§ **Work required**: The answer should hold only the lines from the beginning of the listing below to the line containing "當(dāng)日,廣西大藤峽", both included, with every picture left out.

§ **Information shown**:
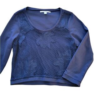 Nice heavier knit, solid on the back and arms, with a large fishnet style panel on front with floral pattern. Cute boxy, short cut. Dark navy blue.
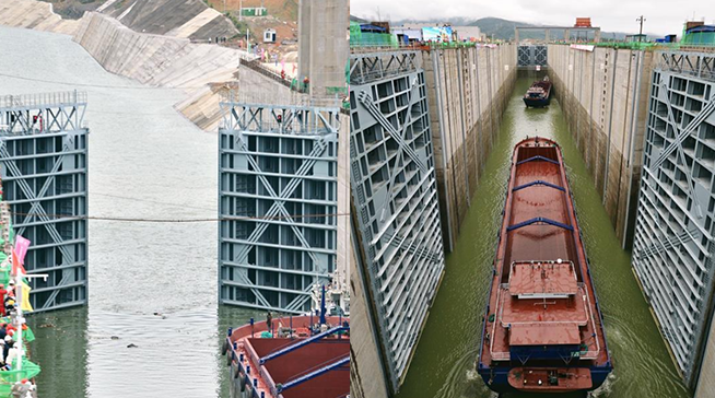 當(dāng)日,廣西大藤峽水利樞紐工程船閘試通航啟動,預(yù)計一年后可正式通航。
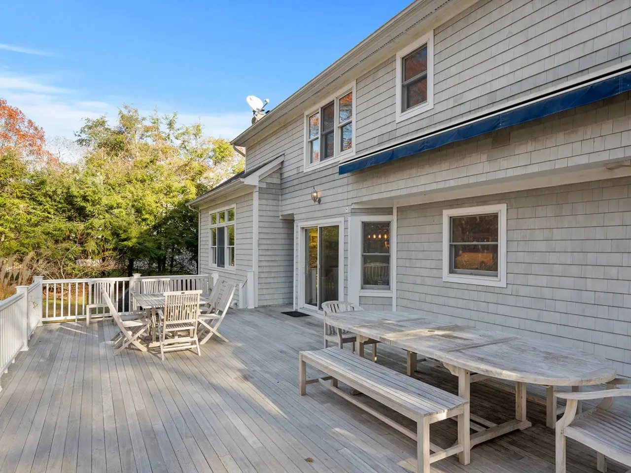 Newly renovated, 4+ bedroom rental with pool on Georgica Woods Lane in Wainscott. Enter a beautifully furnished sanctuary that exudes grace and elegance at every turn. The sun-drenched living room boasts double-height ceilings, an abundance of glass, and charming exposed beams, creating a bright and airy atmosphere. Whether you're hosting a gathering or enjoying a quiet evening, this space is sure to impress. For entertainment, the home features both a playroom and a media room, offering endless options for fun and relaxation. The large, informal eat-in kitchen and dining area are perfect for casual meals and lead seamlessly to a spacious dining deck, ideal for alfresco dining. The kitchen is a chef's dream, equipped with top-of-the-line stainless steel appliances, a large island, and breakfast bar stools for a comfortable and inviting space. Outside, you'll find a stunning 50-foot pool surrounded by pristine white stone decking, providing the perfect spot to lounge and soak up the sun. The second level houses four generously sized bedrooms and two newly renovated bathrooms, ensuring ample space and comfort. Additionally, a separate renovated full bathroom on the main level offers convenient access to the pool area. Situated in an unbeatable location, this home is equidistant from East Hampton and Bridgehampton, placing you just minutes away from the breathtaking ocean beaches of Sagaponack and East Hampton. Enjoy the best of both worlds with easy access to vibrant village amenities and serene coastal retreats. Don't miss the opportunity to make this exquisite home your summer haven. Listing ID:917635

§ **Solution to this task**:
 Nice heavier knit, solid on the back and arms, with a large fishnet style panel on front with floral pattern. Cute boxy, short cut. Dark navy blue.
 當(dāng)日,廣西大藤峽水利樞紐工程船閘試通航啟動,預(yù)計一年后可正式通航。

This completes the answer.